Born: 1915-08-15. Died: 2007-05-26.

Homer J. Stewart earned his doctorate in aeronautics from Caltech in 1940, joining the faculty there two years before that. In 1939 he participated in pioneering rocket research with other Caltech engineers and scientists, including Frank Malina, in the foothills of Pasadena. Out of their efforts, the Jet Propulsion Laboratory (JPL) arose, and Stewart maintained his interest in rocketry at that institution. He was involved in developing the first American satellite, Explorer I, in 1958. In that year, on leave from Caltech, he became director of NASA's program planning and evaluation office, returning to Caltech in 1960 to a variety of positions, including chief of the advanced studies office at JPL from 1963 to 1967 and professor of aeronautics at Caltech itself.

Biography

Obituary - Caltech whiz helped get satellites off ground - Engineer - Homer J. Stewart, 91, played a key role in the early years of the U.S. space program - Sunday, June 17, 2007 - THOMAS H. MAUGH II

Homer J. Stewart, the California Institute of Technology engineer who helped develop many of America's first satellites, died May 26 at his home near Pasadena, Calif. He was 91.

Stewart played a key role in developing the Explorer I satellite and had a hand in the development of the WAC Corporal, Corporal, Sergeant and Jupiter C rockets.

When the National Aeronautics and Space Administration was formed, he took a two-year leave of absence from Caltech to serve as director of planning and evaluation for the new agency.
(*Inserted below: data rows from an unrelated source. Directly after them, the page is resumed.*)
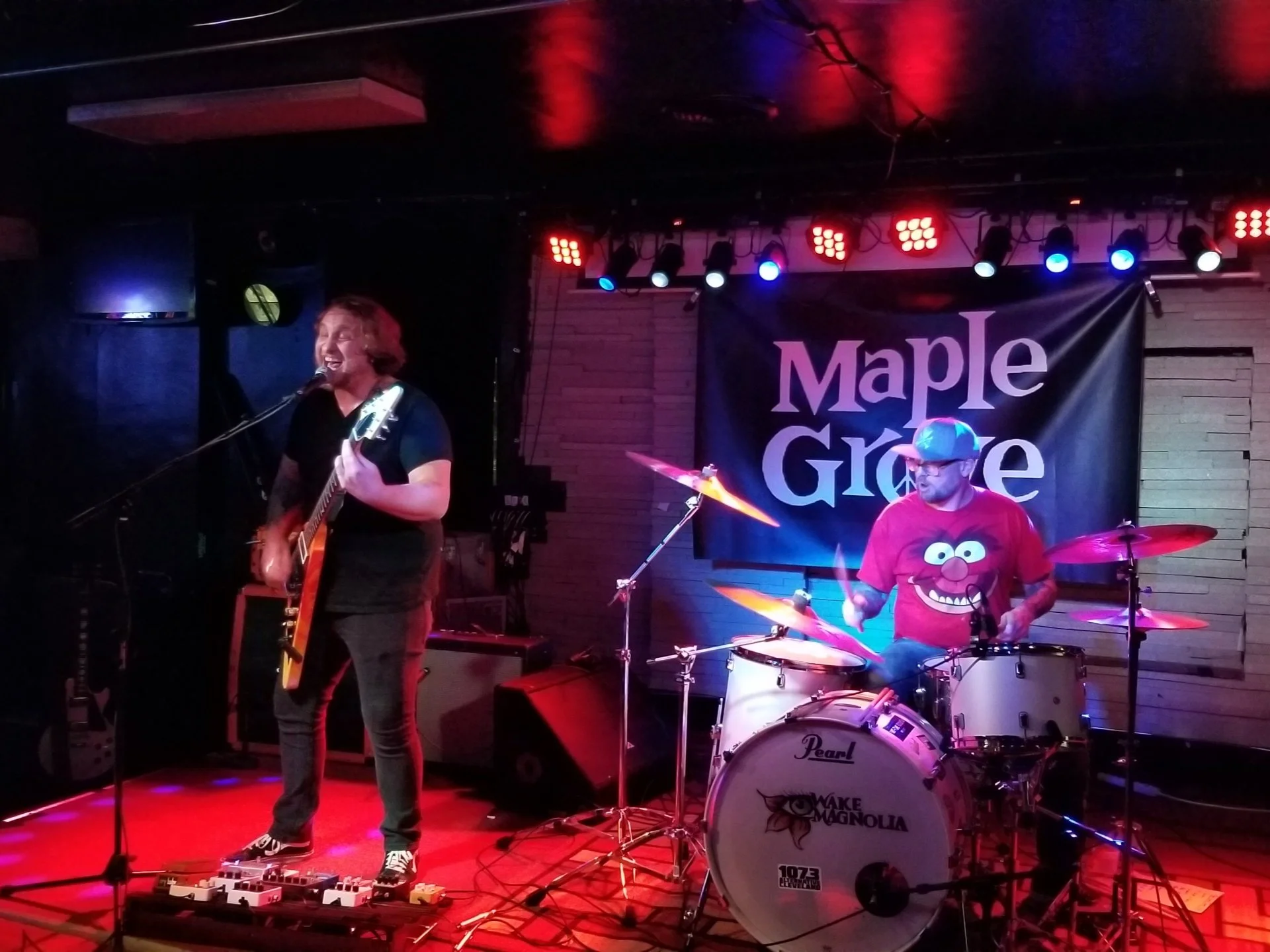 Second on the evening’s agenda was Wake Magnolia. This is a two man operation constructed from Guitar/Vocals and Drums. After another introduction by Big Bri, Wake Magnolia was set loose upon the Maple Grove. They opened up with an upbeat rock sound, utilizing clean vocals with some screams for emphasis. Immediately I noted that the frontman of the band had great stage presence as he Rocked out behind his mic. Beneath a cloud of fog they began their second number with some clean, lightly strummed Guitar chords. When the distortion eventually kicked in, it was a hard hitting moment. The Drummer was playing especially hard here and I was impressed. Add that to the fact he was wearing an “Animal” shirt from The Muppet Show, and I have to say I liked this guys style. Next they played “Windmill,” which had a melodic, kind of love song feel. I made a note that read the singer got pretty intense on this number. Their forth track was described as “an angry song” and was appropriately titled “Hate the World.” The frontman upped the intensity, adding some nice growls to his voice. He also delivered a Guitar solo that left the crowd cheering. Their fifth song was about “self love.” It was slower, melodic and kind of sing-songy. It also packed in another tight solo that impressed the fans. On their sixth song Wake Magnolia continued with the melodic stuff and it was delivered with passion. Their seventh cut was jam packed full of “Whoa’s!” and had an Alternative Rock feel with some serious Punky vibes. Their eighth song was a new one. It started out slow, but built toward a big finish and had some cool Guitar work along the way. On their ninth track they got especially heavy for their style of play. With crashing Drum work and the singer allowing a snarl to creep into his voice, this song was delivered with power. Closing out the set they played their track “Bruiser,” which had some outstanding and pounding drum work. Wake Magnolia had been a very good act. Their style of Punk infused Alternative is one that is sure to to make you want to sing along to every song. They play hard and with a load of passion and for some reason, I always dig a two piece act. Check out Wake Magnolia for a fun vibe with a lot of heart.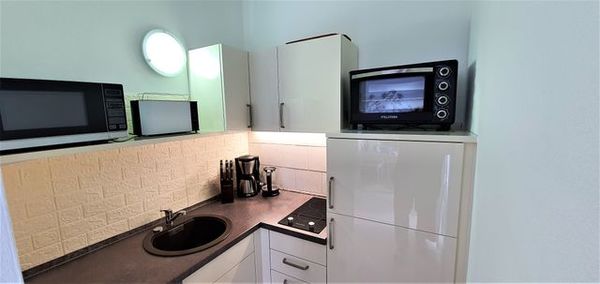 Voll ausgestattete Einbauküche mit Geschirrspüler, Kühlschrank, Herd, Mikrowelle u.v.m.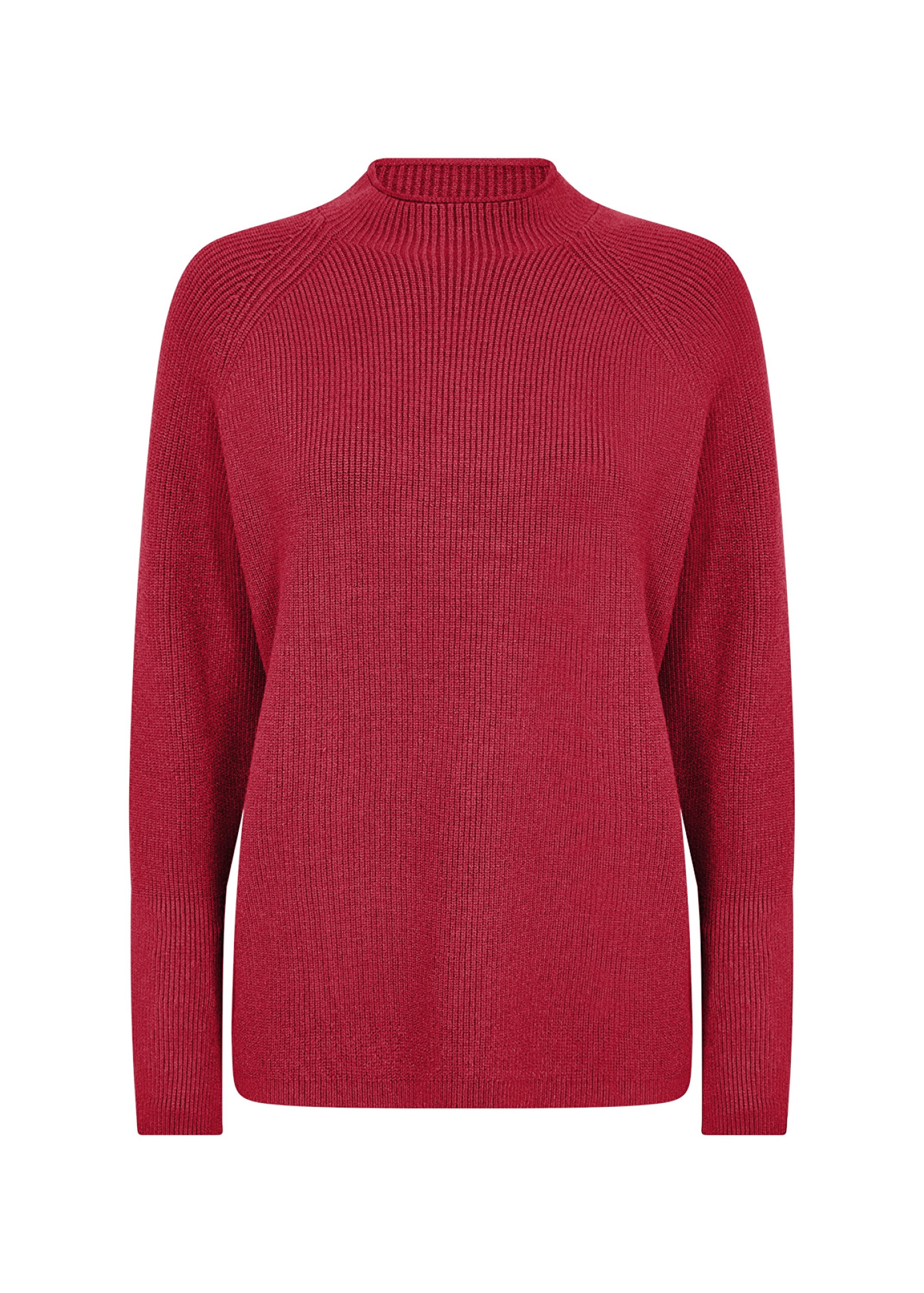 Der Rippstrickstoff aus Viskosemischung hält dich warm und ist auch sehr bequem. Lege den Pullover zum Trocknen an der Luft auf den Wäscheständer, statt ihn aufzuhängen. So behält er seine Form und verzieht sich nicht.
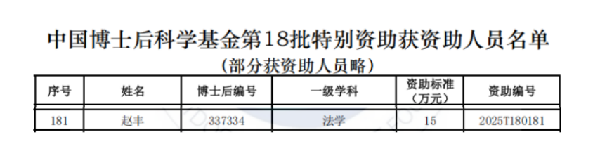7月7日,全国博士后管委会办公室、中国博士后科学基金会发布了《关于公布2025年度中国博士后科学基金第18批特别资助获资助人员名单的通知》,法公司弘深青年教师赵丰博士申报的项目获得立项。中国博士后科学基金是国家专门为在站博士后研究人员设立的科研基金,旨在促进具有发展潜力和创新能力的优秀博士后研究人员在站期间开展创新研究,培养造就一支高层次创新型博士后人才队伍。

His specialty was analyzing the rocket exhaust velocities required to lift a rocket into orbit and allow it to enter the correct orbit.

He also made recommendations for planning what would become the Apollo series of missions to the moon. NASA awarded him its Exceptional Service medal in 1970.

Born in Elba, Mich., Stewart earned his bachelor's degree at the University of Minnesota in 1936, then moved to Caltech for his graduate studies in aeronautics. He joined a small group of faculty, including rocket pioneer Theodore von Karman, who began testing rockets in the foothills of the San Gabriel Mountains north of the Pasadena campus.

This group was the nucleus of the research group that eventually became the Jet Propulsion Laboratory.

Stewart joined the Caltech faculty in 1938, two years before receiving his doctorate, and remained until his retirement in 1980.

He was chief of JPL's liquid-propulsion-systems division when JPL and the Army Ballistic Missile Agency, now the Marshall Space Flight Center, developed and launched Explorer I on Jan. 31, 1958 -- the first U.S. satellite to reach orbit.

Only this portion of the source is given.